Please transcribe the records precisely; pictures stay out of your copy.
Data records Start Marker
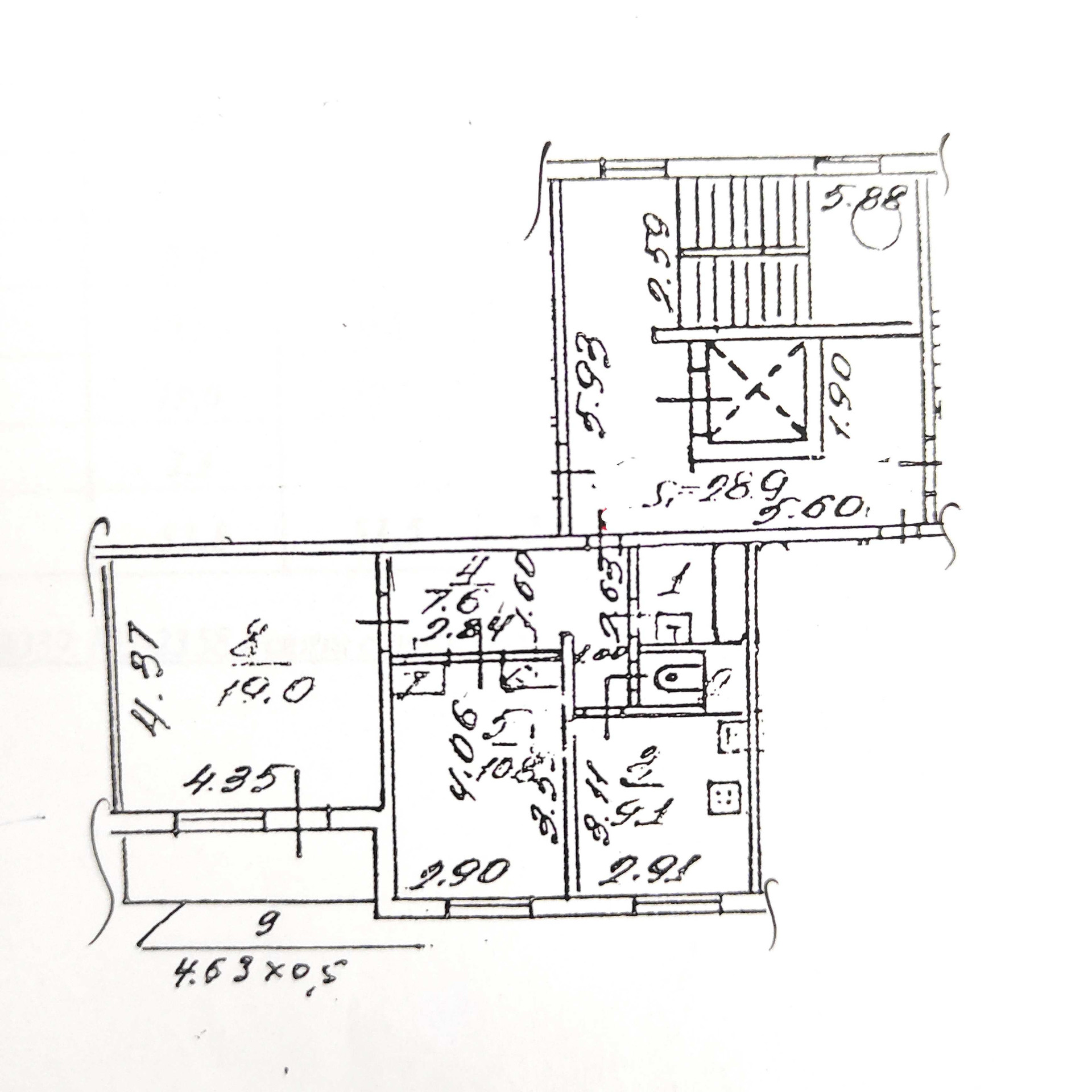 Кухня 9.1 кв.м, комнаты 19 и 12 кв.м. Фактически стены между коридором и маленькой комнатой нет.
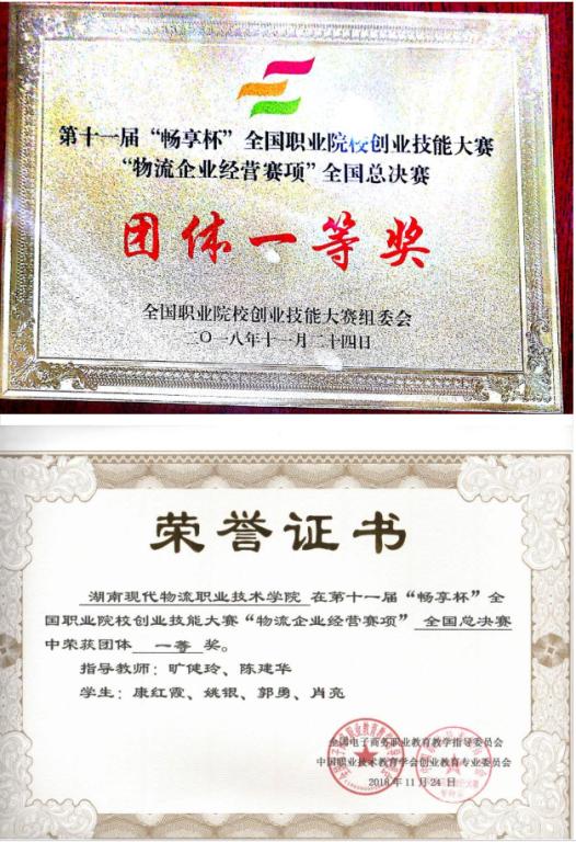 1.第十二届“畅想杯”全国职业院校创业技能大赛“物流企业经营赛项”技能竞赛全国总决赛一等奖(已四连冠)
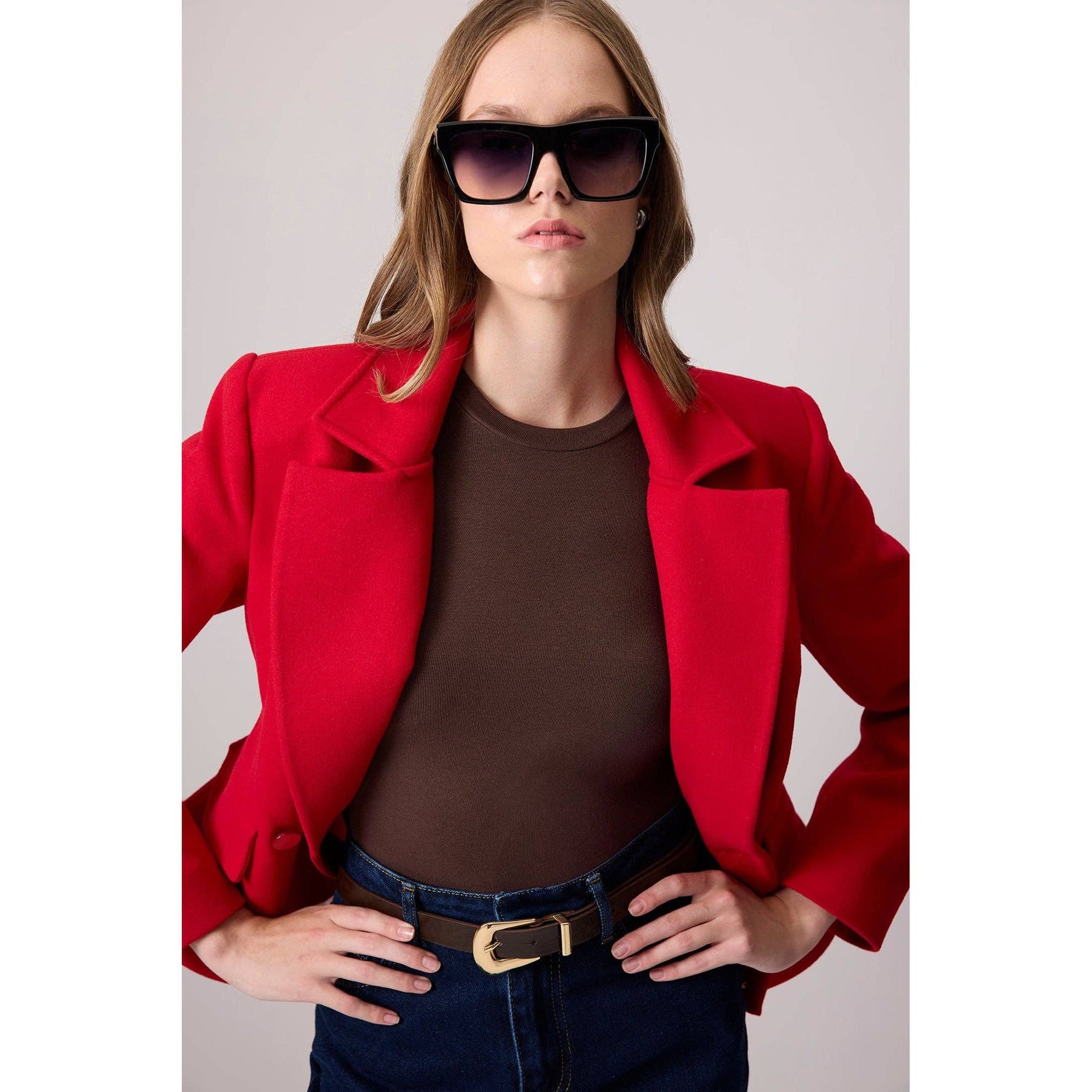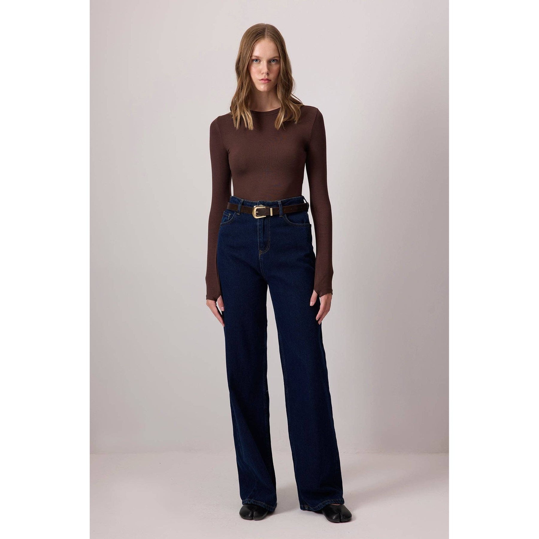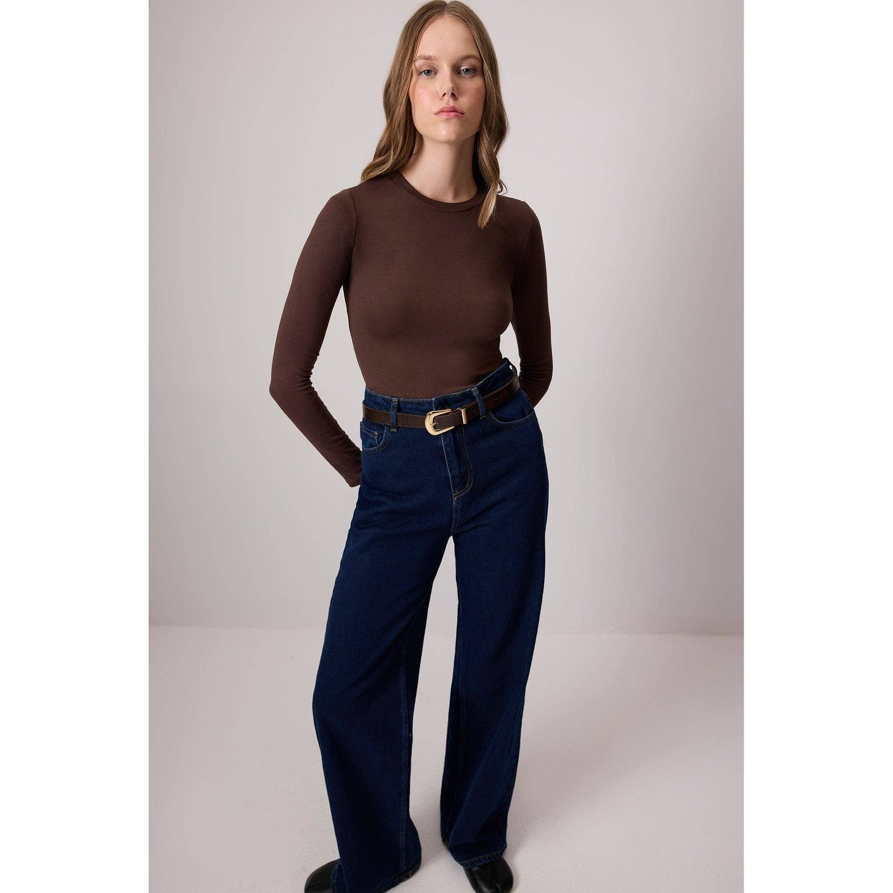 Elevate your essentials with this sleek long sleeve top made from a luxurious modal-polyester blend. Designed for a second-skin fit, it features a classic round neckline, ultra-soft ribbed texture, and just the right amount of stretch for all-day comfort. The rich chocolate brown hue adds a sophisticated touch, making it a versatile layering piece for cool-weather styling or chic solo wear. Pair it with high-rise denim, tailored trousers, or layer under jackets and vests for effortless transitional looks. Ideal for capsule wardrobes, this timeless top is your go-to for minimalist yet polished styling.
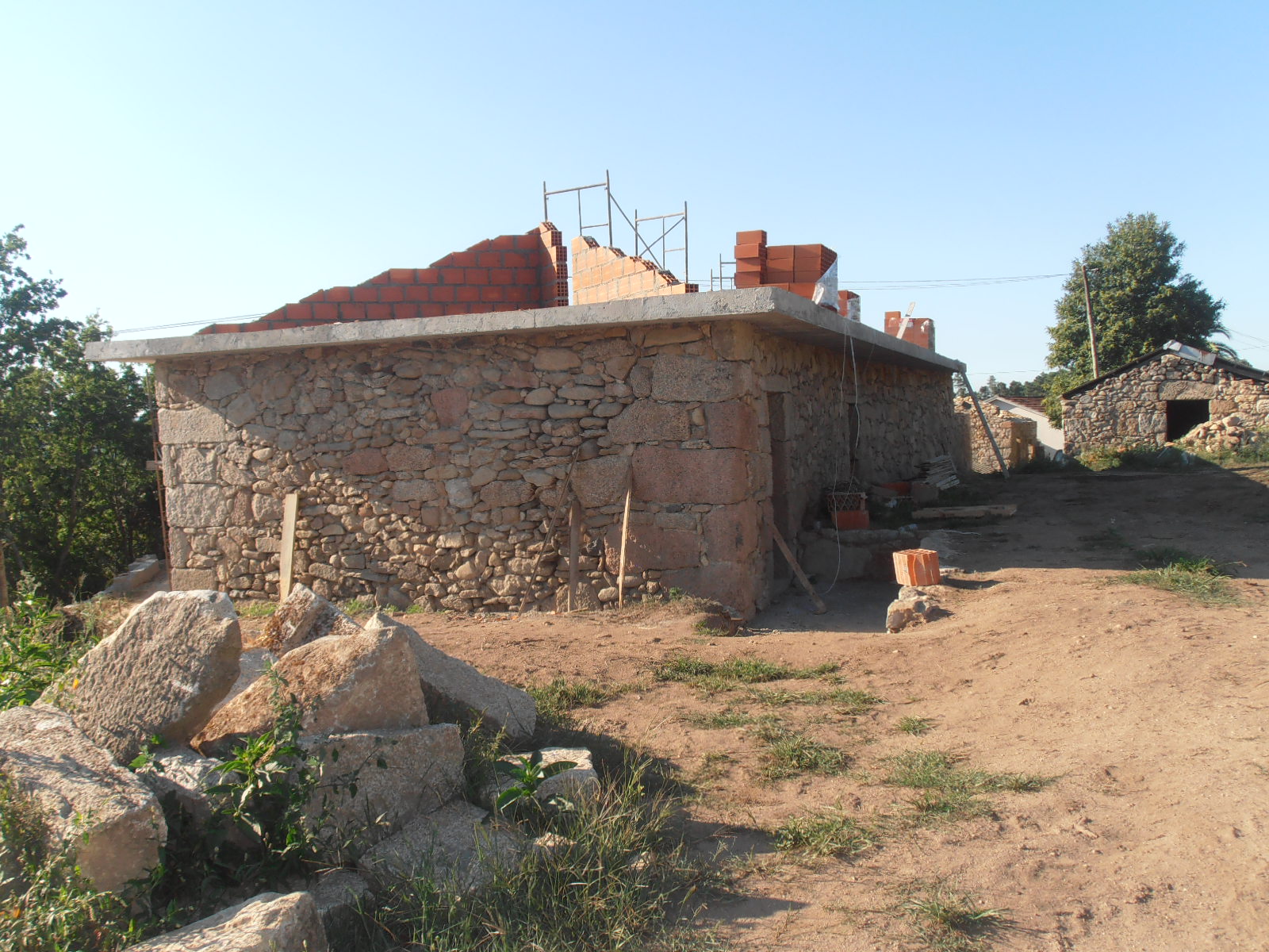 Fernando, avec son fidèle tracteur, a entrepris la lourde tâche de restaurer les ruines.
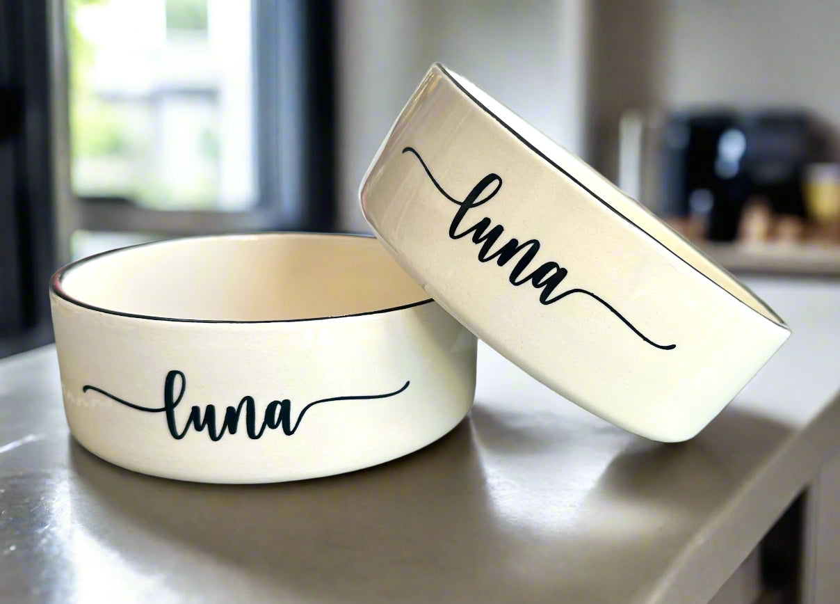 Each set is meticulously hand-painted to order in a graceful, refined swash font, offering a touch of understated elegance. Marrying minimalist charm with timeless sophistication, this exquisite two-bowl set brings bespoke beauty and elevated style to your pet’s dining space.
Data records End Marker
- Answer space
 Кухня 9.1 кв.м, комнаты 19 и 12 кв.м. Фактически стены между коридором и маленькой комнатой нет.
 1.第十二届“畅想杯”全国职业院校创业技能大赛“物流企业经营赛项”技能竞赛全国总决赛一等奖(已四连冠)
 Elevate your essentials with this sleek long sleeve top made from a luxurious modal-polyester blend. Designed for a second-skin fit, it features a classic round neckline, ultra-soft ribbed texture, and just the right amount of stretch for all-day comfort. The rich chocolate brown hue adds a sophisticated touch, making it a versatile layering piece for cool-weather styling or chic solo wear. Pair it with high-rise denim, tailored trousers, or layer under jackets and vests for effortless transitional looks. Ideal for capsule wardrobes, this timeless top is your go-to for minimalist yet polished styling.
 Fernando, avec son fidèle tracteur, a entrepris la lourde tâche de restaurer les ruines.
 Each set is meticulously hand-painted to order in a graceful, refined swash font, offering a touch of understated elegance. Marrying minimalist charm with timeless sophistication, this exquisite two-bowl set brings bespoke beauty and elevated style to your pet’s dining space.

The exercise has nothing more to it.